Although there is no fixed relation between reduction rules in the lambda calculus and physical resources in a computer, one can still compare the number of reduction steps required to determine which form in the co-domain of a function defined in the lambda calculus corresponds to a specific form in its domain, and this will provide a reasonable stand-in for comparisons between resource usage of similar computer programs.
So, really, computation is not completely foreign to mathematics, and mathematical functions and "computing functions" are not completely different animals, just... distantly related? Some languages are more mathematical in their approach than others.
> But sin, cos, tan, cotan, log and all their friends by themselves don't compute, they are just a different kind of notation for numbers.
No, they are a notation for ideas. The fact that they have numerical values associated with them is true but misses the point that trigonometric functions are primarily defined with respect to each other and with respect to certain geometric concepts.
In other words, cos(0) equals 1, but 1 has many more meanings than just cos(0). I would much rather have a student tell me that tan(x) = sin(x) / cos(x) than to say tan(x) is just a number.
Actually, to be pedantic, functions are notations for relations between sets of numbers: sin and cos are relations between the real numbers and the closed interval [-1, +1], and so on.
Roughly speaking, partial functions are functions that might crash -- or that might throw exceptions, if you prefer. So even if it always terminates, it might to do so at the cost of not returning a value of the expected type.
A bit more precisely, a partial function is a function that is not defined for some values of its domain (its input). A well-known instance is the division operator, which is not defined when the divisor is zero. Other common examples are head and last:
-- this promises to receive a list of elements of some
type t and return the first element
head :: [t] -> t
head (first:rest) = first
head [] = error "that list has no head, yo!"
Where error is analogous to throwing an unchecked Throwable (eg RuntimeException) in Java.
One solution is to use a safer version that returns Maybe a instead of a. This is analogous to using checked exceptions.
safeHead :: [a] -> Maybe a
safeHead (first:rest) = Just first
safeHead [] = Nothing
The solution above is common and idiomatic.
Another option is to accept only arguments of a different list type that's guaranteed to be non-empty.
This is exactly what Haskell solves. Not by eliminating subroutines, but by separating the two concepts out again. In particular, functions are functions in the algebraic sense, and subroutines just become values in the IO type.
> Tracing compilers scratch the surface of reversing this mistake, but so far I know of no programming languages that are specifically designed around such a mechanism.
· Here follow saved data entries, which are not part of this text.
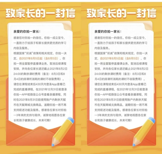 字节教育的其他业务也受到了类似限制,比如向3 - 12岁孩子提供思维动画课程的你拍一以及主打在线一对一少儿英语培训的GOGOKID。今日,不少家长收到了你拍一和GOGOKID发出的致家长一封信,信中称“根据国家‘双减’政策和相关规定,你拍一决定自2021年8月5日起(含8月5日)全面暂停直播课业务,取消后续课程安排”。
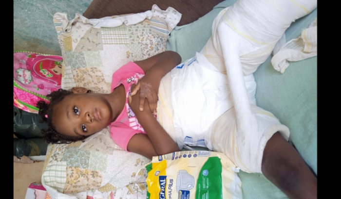 Olá, sou á Laís tudo bém com vocês? Estava brincando com meus irmãozinhos no terreiro de casa, e um portão da minha casa caiu sobre meu corpo, me machucando um pouco. Fraturei o fémur da perna esquerda e tive algumas escoriações leve. Estou precisando fazer uso de três em três horas de fralda descartável tamanho geriátrica por conta do gesso. Pois eu não consigo tá indo ao banheiro, para tá fazendo minhas necessidades fisiológicas. E também meus pais vão tá gastando lenço humedecido, pomadas e remédios. O meu pai no momento, não trabalha com carteira assinada, fazendo apenas bicos para nos atender com dignidade, e além de mim tenho mais 5 irmãos pequenos.
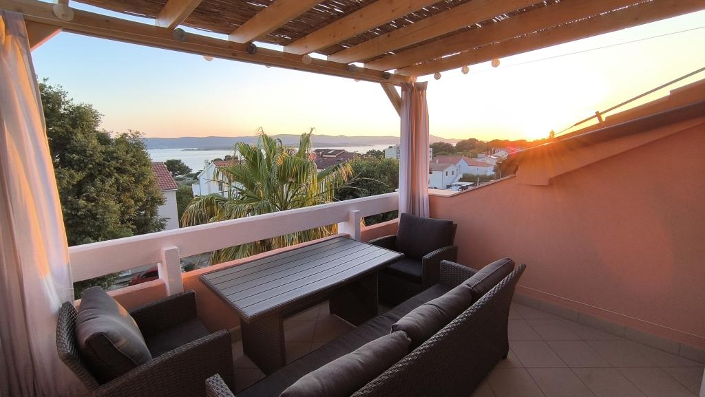 Apartament Maja cu o vedere frumoasă la mare și insule este situat într-o locație liniștită în apropiere de centrul orașului și la numai 200 de metri de plaja principală. Se afla intr-un bloc de locuinte la ultimul etaj, fara lift. Apartamentul este format din două dormitoare, un living spațios, o bucătărie, o baie și o terasă cu vedere la insulele din apropiere, la mare, la portul de agrement și la orașul Biograd. Parcarea este posibilă în fața clădirii sau într-o parcare publică aflată la doar 50 de metri.

I'm not sure why he thinks tracing compilers help rectify the issue. Perhaps they can claw back some performance gains from knowing a function is pure, but static compilers can do that too.
And I think it's fair to say that Haskell was basically designed around "such a mechanism"; it's a shame the author doesn't know about it.
> ISWIM (which some programming language histories identify as the “root” of the ML family) is based on ALGOL 60 (source), which of course is based on FORTRAN
While ISWIM was influenced by ALGOL, it was based on the λ-calculus. And the λ-calculus, of course, precedes Fortran—and, in fact, computers in general—by quite a margin! It was originally developed in the 1930s.
Many modern functional languages are just thin layers over a typed λ-calculus: Haskell's Core intermediate representation is actually exactly that extended with some low-level primitives. This means that they are far closer to formal logic than they are to Fortran!